Job Description: Data Analyst AI Systems
About the Role:
We are seeking a Data Analyst to join our AI team, focused on data cleaning, dataset curation, annotation quality control, and model performance analysis for AI systems deployed in real-world environments.
Key Responsibilities
Data Cleaning & Dataset Curation
- Clean, validate, and preprocess customer-generated radar, image, and video datasets
- Identify and resolve corrupted, duplicate, mislabeled, or low-quality data samples
- Curate datasets for training, validation, and testing to support model development
- Maintain dataset versions, metadata, lineage, and documentation
- Ensure data quality standards are consistently met across datasets
Annotation & Labeling Quality Control
- Manage and coordinate external annotation resources (e.g., Upwork contractors or vendors)

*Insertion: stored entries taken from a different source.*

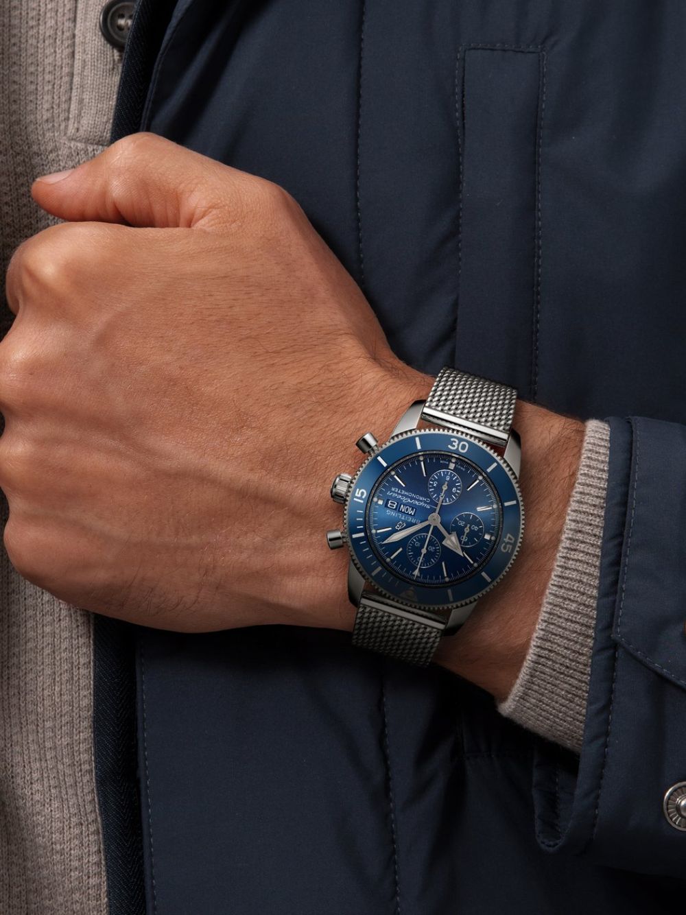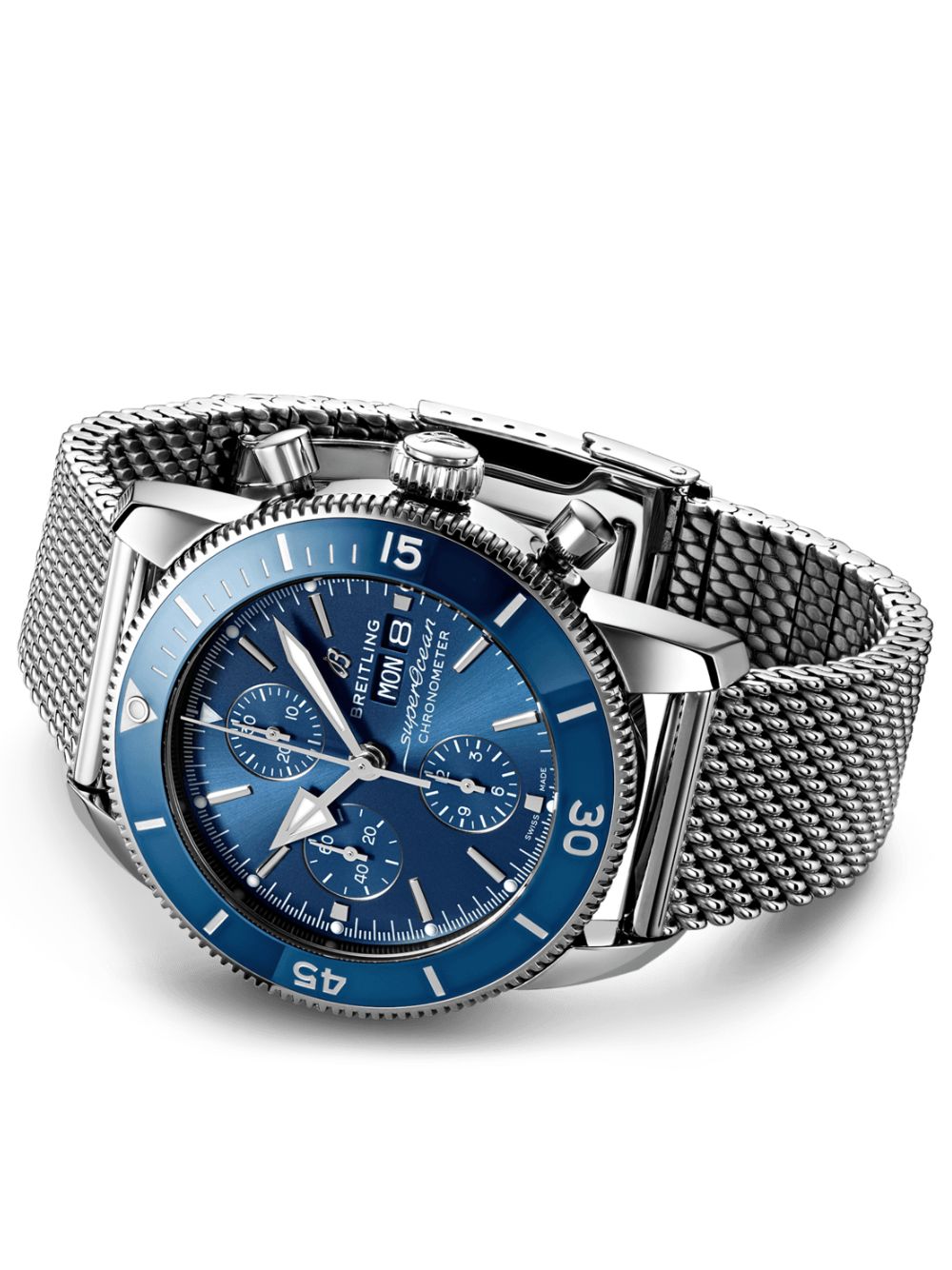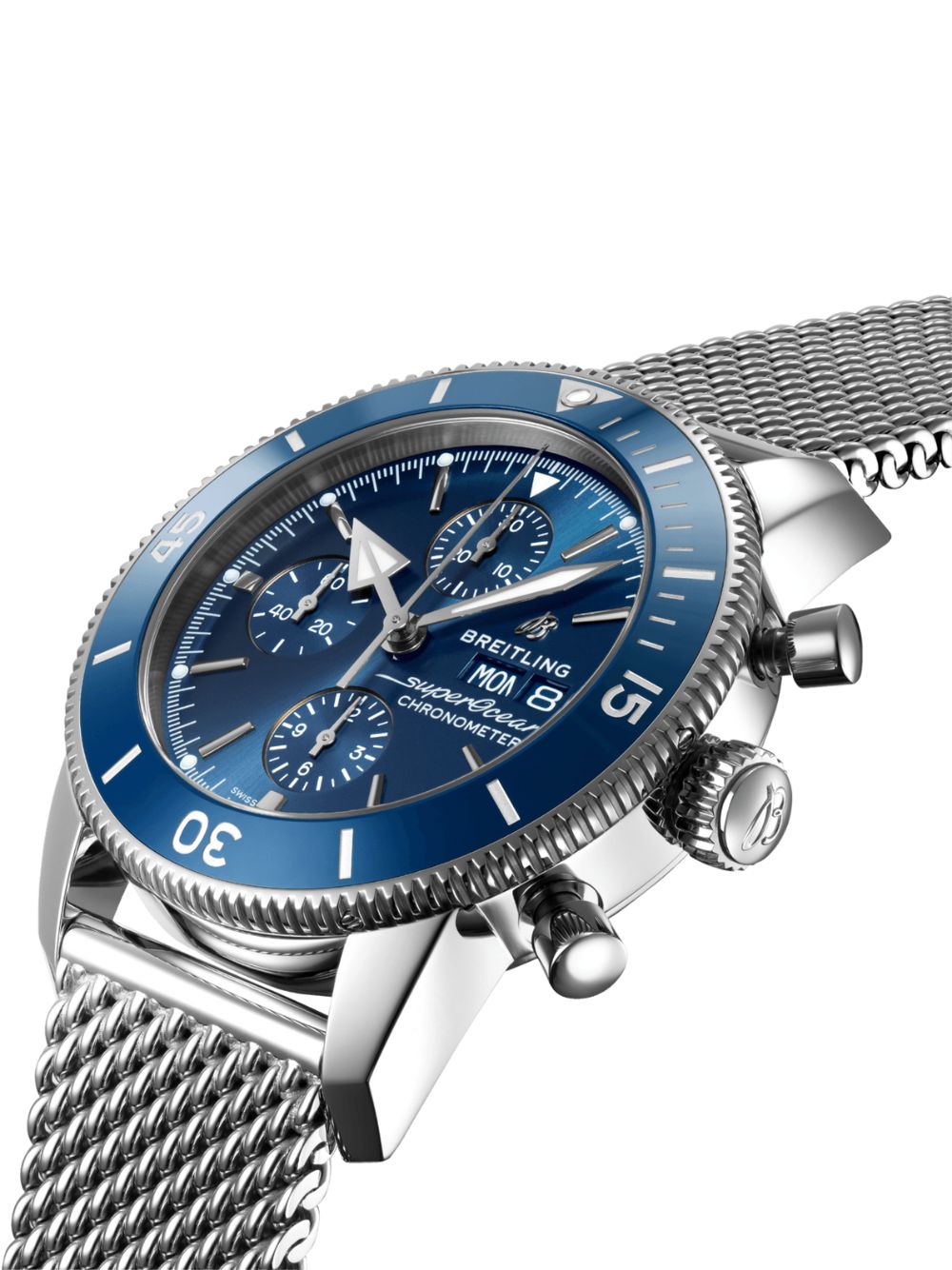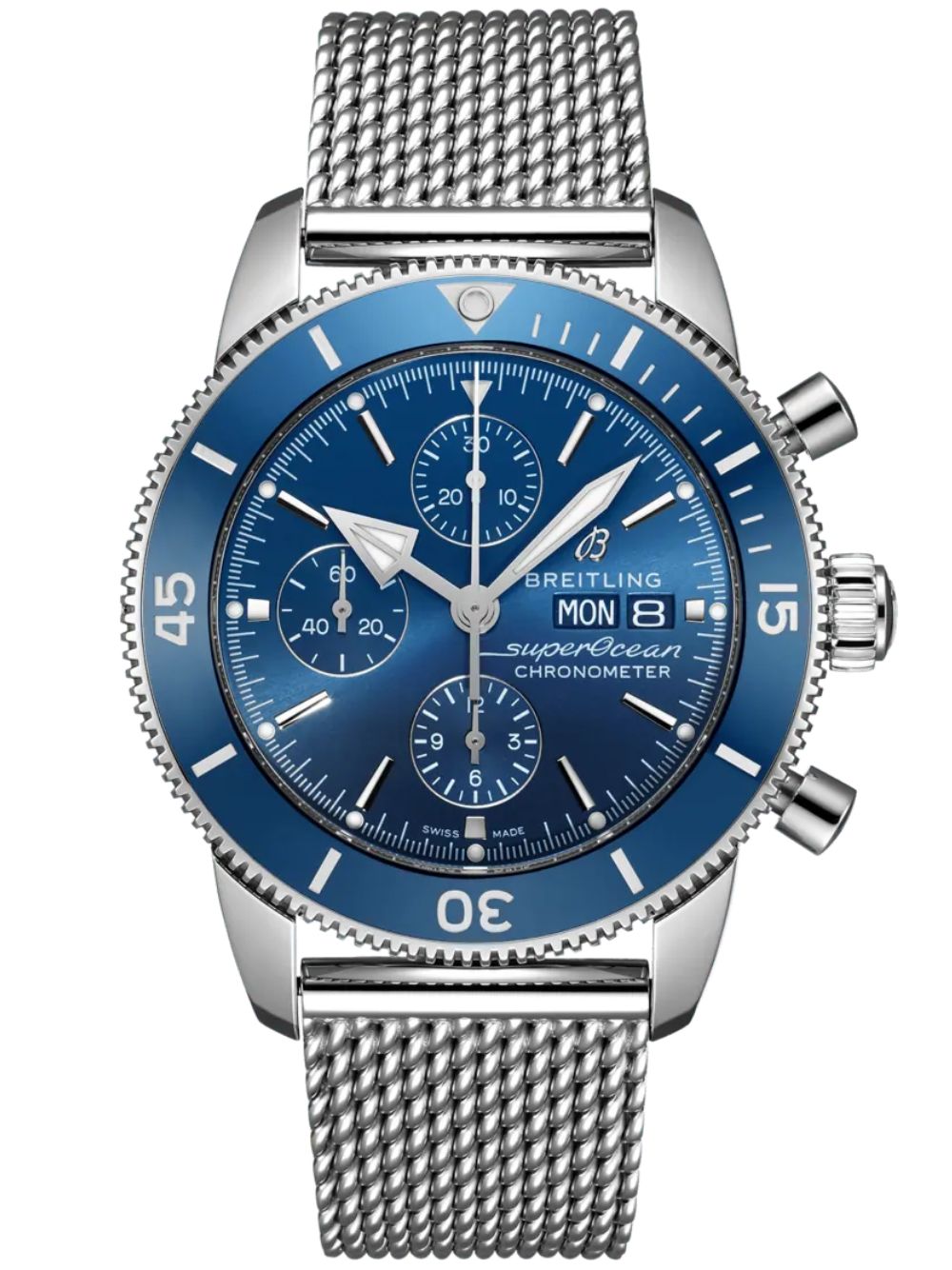 Ispirato al Superocean degli anni ’50, il Superocean Heritage unisce design iconico e modernità. Sportivo ed elegante, è caratterizzato da lancette triangolari e una lunetta in ceramica lucida. Disponibile in acciaio inossidabile o oro rosso 18 carati, il Superocean Heritage Chronograph 44 offre quadranti colorati. Con bracciale a maglie o cinturino in caucciù, è alimentato dal Calibro Breitling 13, un cronometro certificato COSC.
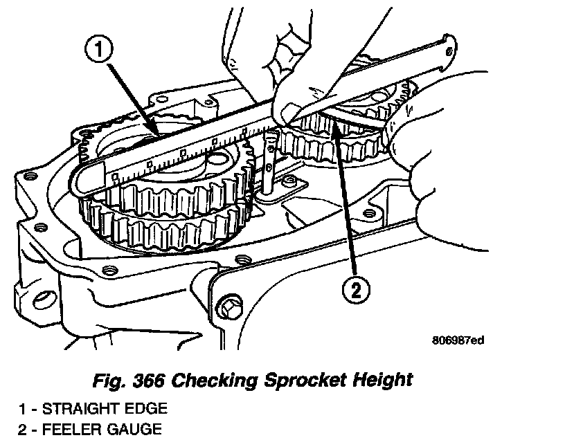 The chain sprockets are not reversible. Check the height difference using a straight edge (special tool 6311 or equivalent) and a set of feeler gauges.
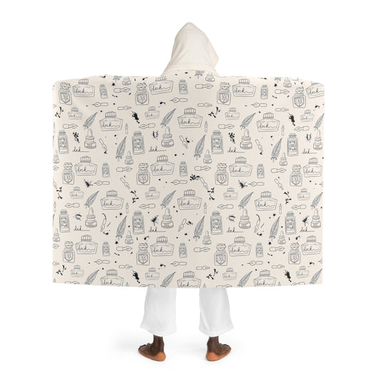 Tortured Poets Inspired Black and White Hooded Sherpa Fleece Blanket | 70.5" x 52" | Swiftie Gift Fan Present | ink, pen, feathers, writer
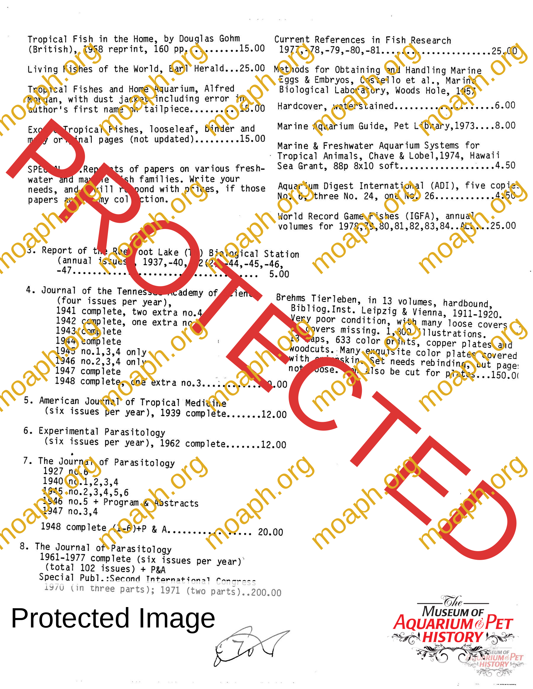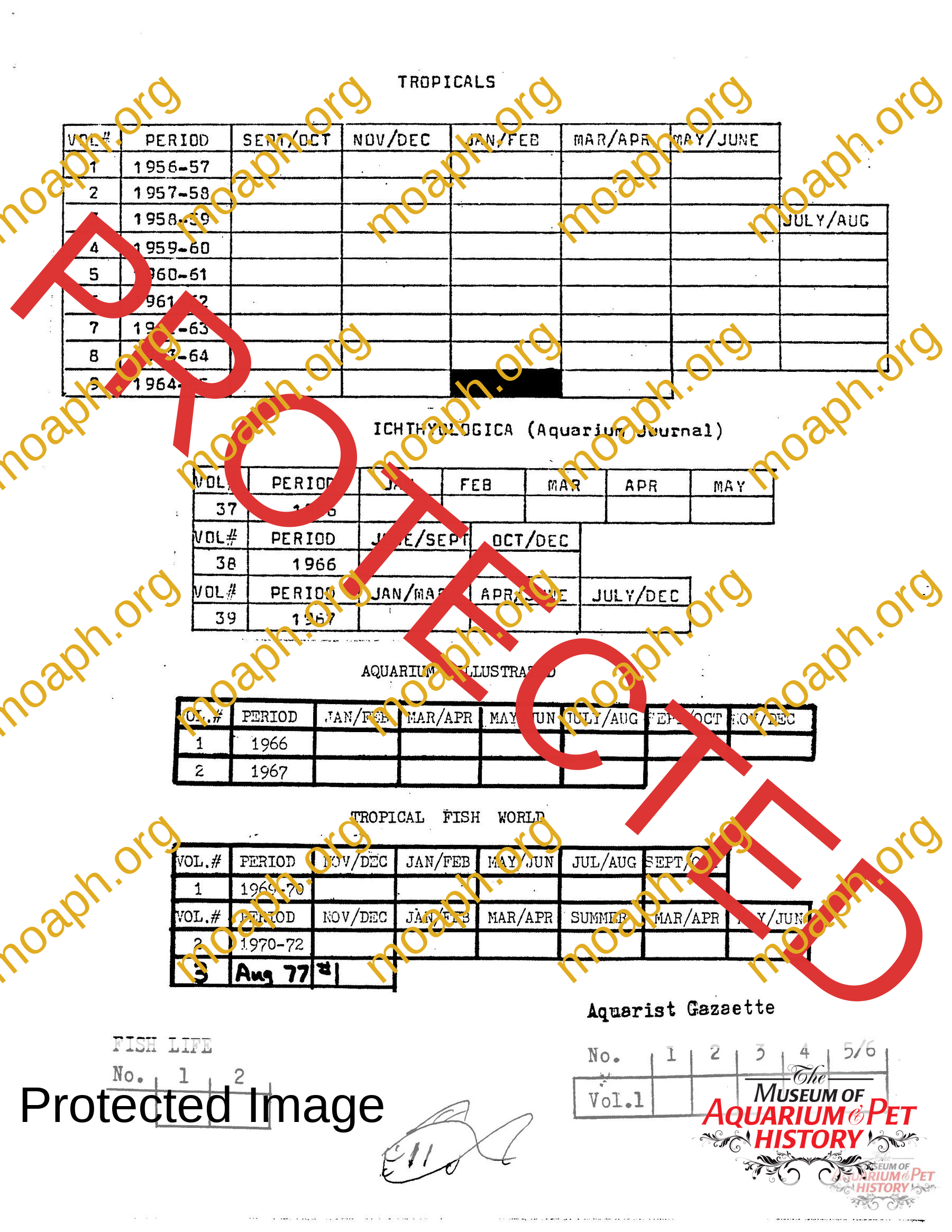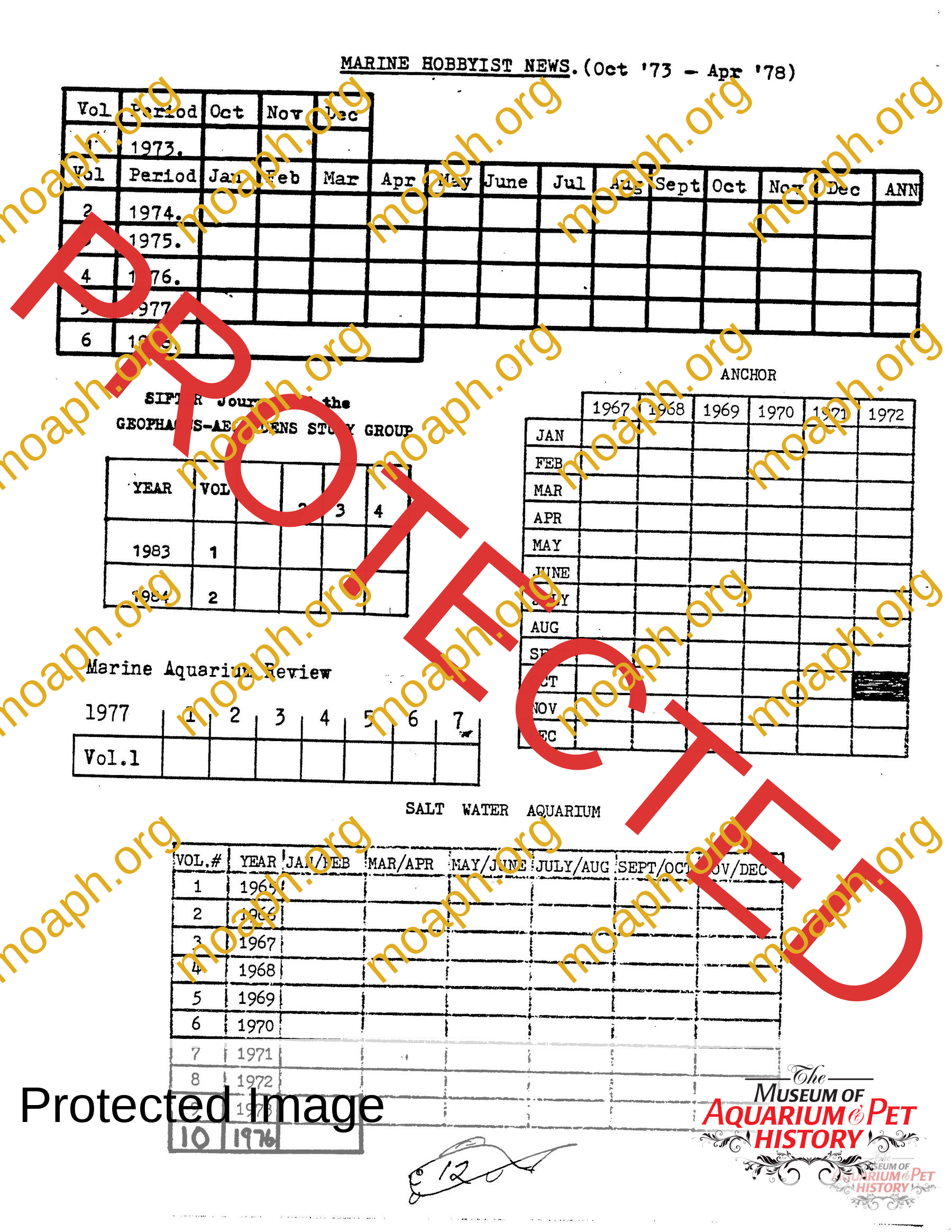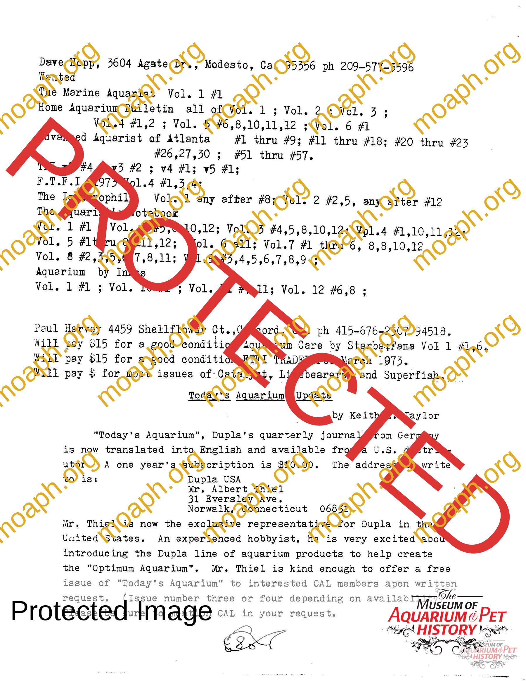 The collectors of aquarium literature was an organization founded by Dave Hopp and Paul Harvey to better organize those who collected vintage aquarium magazines and books. Each issue had articles on aquarium publication history plus articles related to book and magazine collecting in general. This publication ran from May 1983 through June 1994 for a total of 55 issues. (August through November 1988 was a combined issue 25/26 and March through July 1989 was marked 29/30 1989.)

- Review labeled images and videos to ensure accuracy, consistency, and guideline adherence
- Provide clear feedback, examples, and labeling instructions to annotators
- Track and report on annotation quality, turnaround time, and recurring issues
- Collaborate with the AI team to design, implement, and maintain a quality control (QC) pipeline for data labeling
Model Performance & Data Analysis Support
- Analyze annotated datasets to identify patterns, errors, and data gaps
- Support AI engineers with model evaluation and error analysis
- Monitor basic model performance metrics such as accuracy, precision, recall, and confusion matrices
- Help identify data-driven improvements to model performance in production environments.
Required Qualifications
- 25 years of experience as a Data Analyst, Applied Data Scientist, or similar role
- Strong proficiency in Python, including Pandas, NumPy, and scripting
- Proven experience cleaning and validating messy, real-world datasets
- Comfort working with unstructured data, such as radar signals, images, videos, or logs
- Working knowledge of SQL; experience with Snowflake preferred
- Understanding of basic ML model evaluation metrics
- Exceptional attention to detail and strong focus on data quality.